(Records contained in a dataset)
■ ■ ■ ■ ■

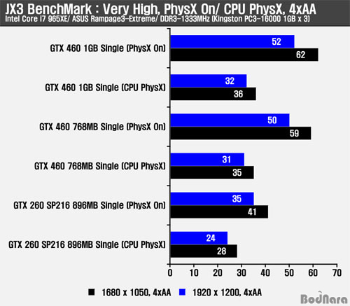 JX3 º¥Ä¡¸¶Å© Å×½ºÆ®¿¡¼ PhysX High ¼³Á¤ Áï, GPU PhysX °¡¼Ó°ú PhysX¸¦ »ç¿ëÇÏÁö ¾Ê´Â Off »óÅÂÀÏ ¶§ÀÇ Å×½ºÆ® °á°ú´Â ÁöÆ÷½º GTX 460 768MB´Â GTX 260 ´ëºñ 1680/ 1920 ÇØ»óµµ (32.65%/ 30.95%), 1GB (1024MB)´Â 1680/ 1920 (34.69%/ 35.71%)°¡ Çâ»óµÇ¾ú´Ù. PhysX¸¦ ÄѰí 4xAA¸¦ Àû¿ëÇÒ °æ¿ì GTX 460 768MB´Â GTX 260 ´ëºñ 1680/ 1920 ÇØ»óµµ (43.90%/ 42.86%)¿¡¼ Çâ»óµÇ¾ú°í 1GB´Â 1680/ 1920 ÇØ»óµµ¿¡¼ (51.22%/ 48.57%)°¡ Çâ»óµÇ¾ú´Ù. JX3 º¥Ä¡¸¶Å©´Â GPU PhysX¿Í CPU PhysX Å×½ºÆ®¸¸ °¡´ÉÇØ PhysX¸¦ ²°À» ¶§ÀÇ °á°ú¸¦ ºñ±³ÇÏÁö ¸øÇß´Ù.
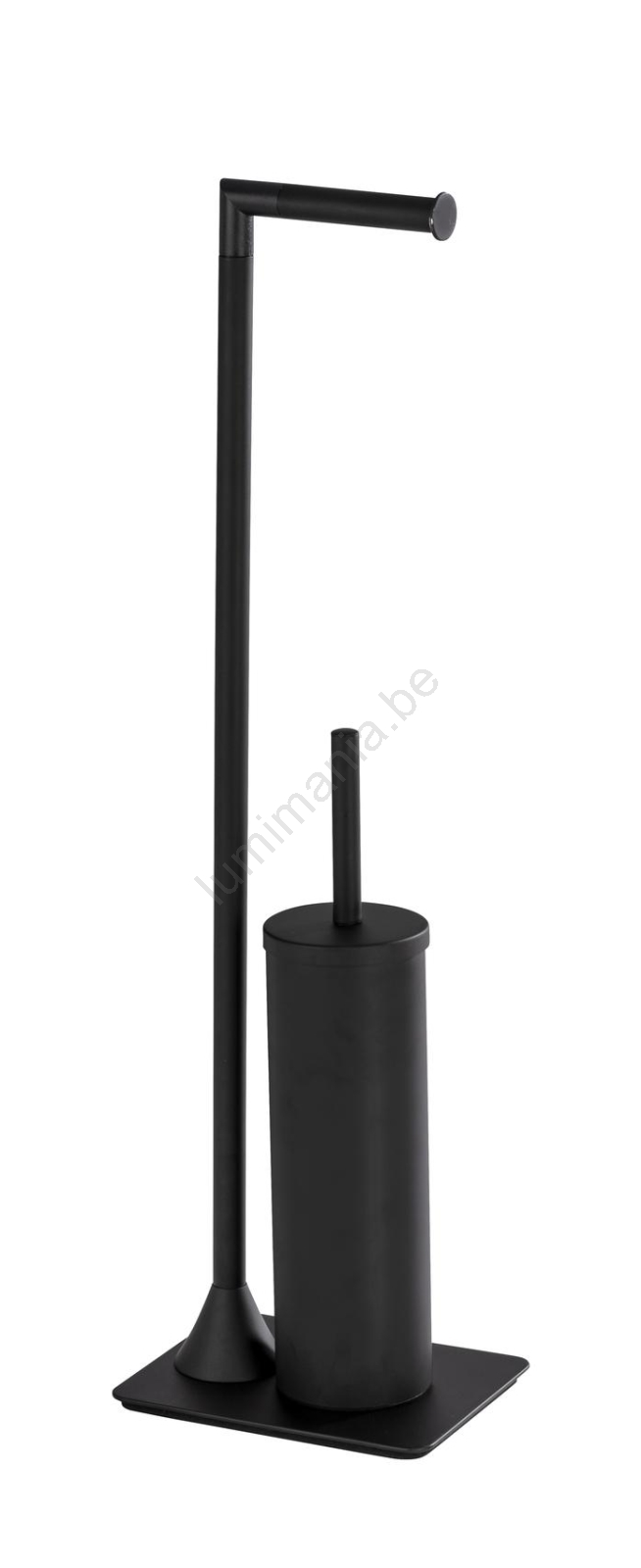 • Brosse WC autoportante au design élégant avec porte-rouleau de papier toilette.
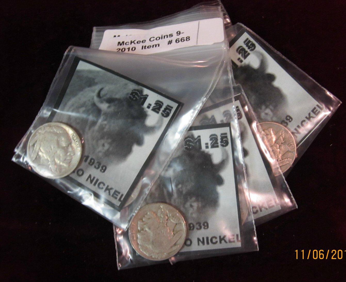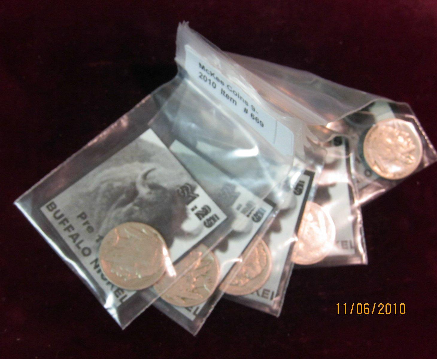 668. (5) Gift Packs of Pre-1939 Buffalo Nickels with Indian Heads.
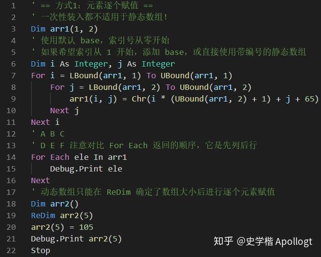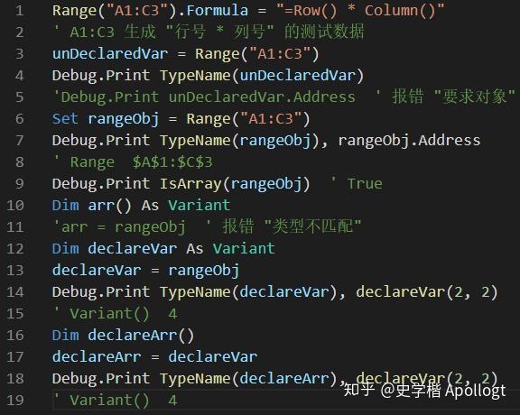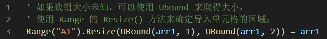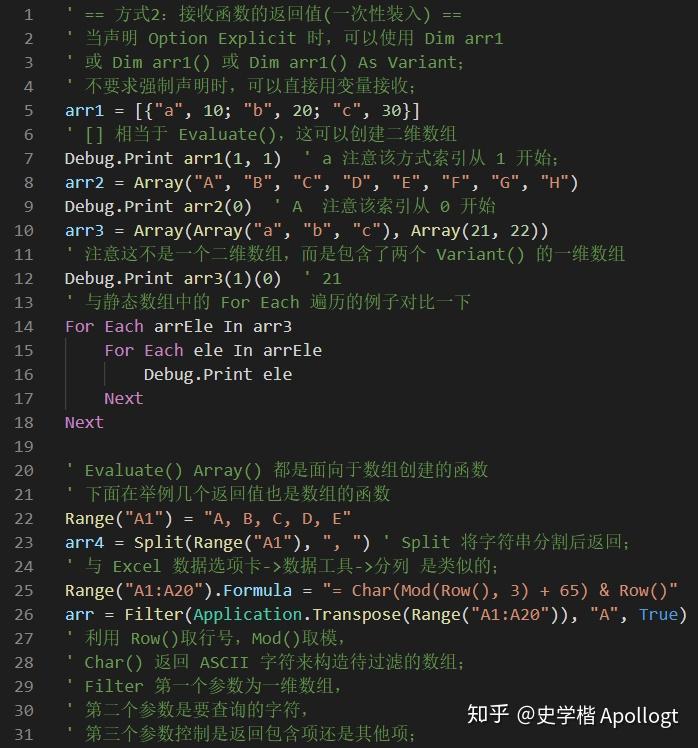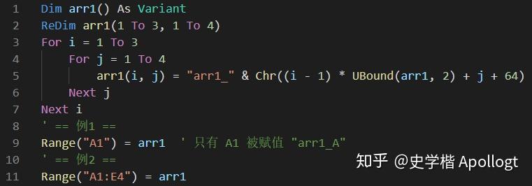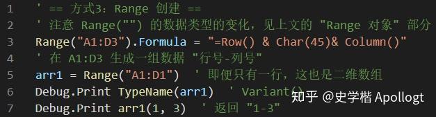 如果这部分看蒙了就暂时过的它吧,后面看过 “Array() 和 Range 对象”,“数组初始化方式3”,“数组导入到单元格区域”,在回过头来理解一下这个部分会更有收获;
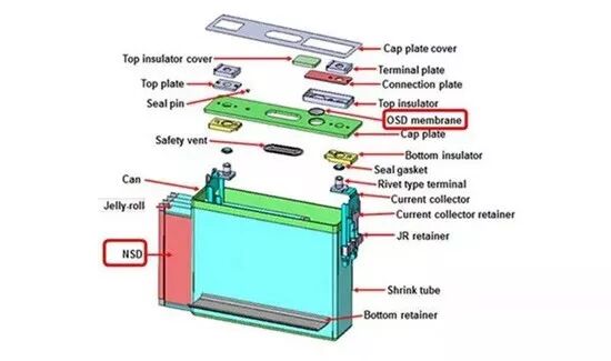 一个典型的方形锂电池,主要组成部件包括:顶盖,壳体,正极板、负极板、隔膜组成的叠片或者卷绕,绝缘件,安全组件等。其中,红圈中的两个是安全结构,NSD针刺安全装置;OSD过充保护装置。
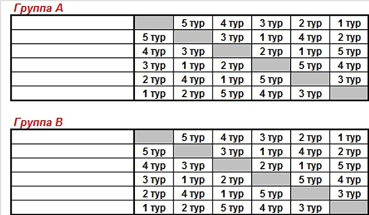 Для группового этапа подготовлены шаблоны шахматок:
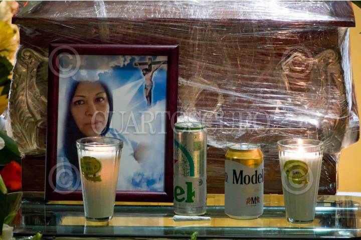 Familiares y amigos de Elvia Velázquez victima de feminicidio, velaron su cuerpo en una funeraria en la colonia Emiliano Carranza.
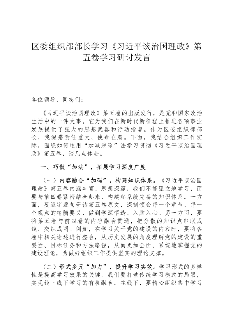 区委组织部部长学习《***谈治国理政》第五卷学习研讨发言
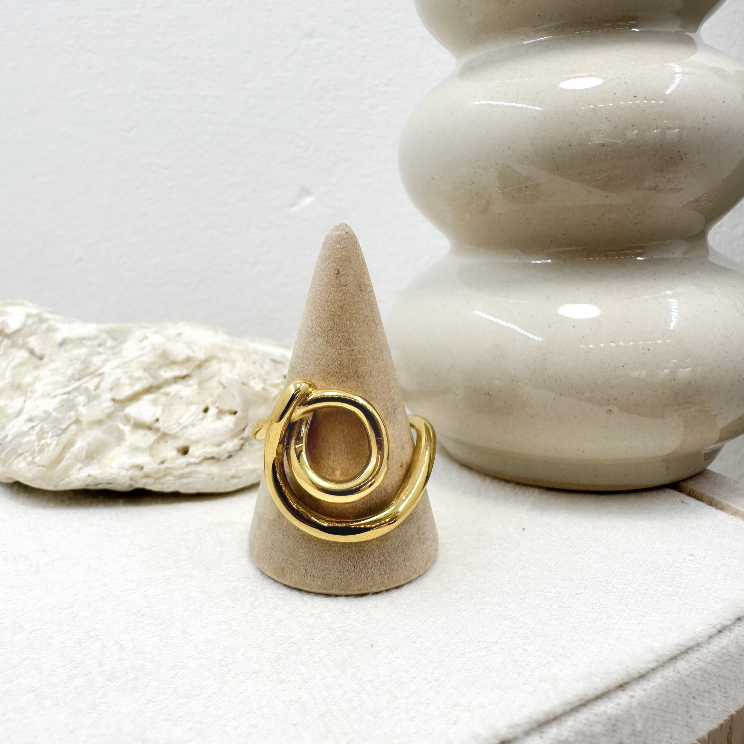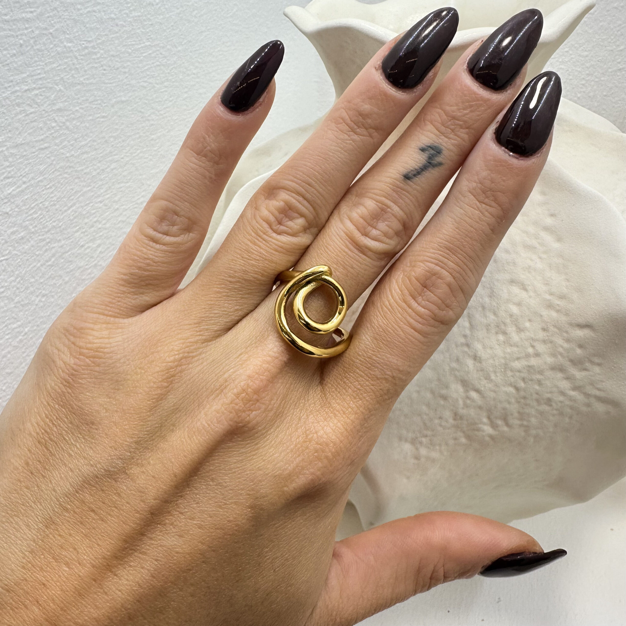 18 karátos arannyal bevont rozsdamentes acél. Vízálló, de kérjük, hogy kezeld odafigyeléssel és edzéshez, szaunázáshoz inkább vedd le, és sokáig veled marad!

■ ■ ■ ■ ■

Assignment:
Once the line holding "Familiares y amigos" is found, set it down along with every line after it through the end of the entries, exactly, leaving the pictures out.

Answer to this task:
 Familiares y amigos de Elvia Velázquez victima de feminicidio, velaron su cuerpo en una funeraria en la colonia Emiliano Carranza.
 区委组织部部长学习《***谈治国理政》第五卷学习研讨发言
 18 karátos arannyal bevont rozsdamentes acél. Vízálló, de kérjük, hogy kezeld odafigyeléssel és edzéshez, szaunázáshoz inkább vedd le, és sokáig veled marad!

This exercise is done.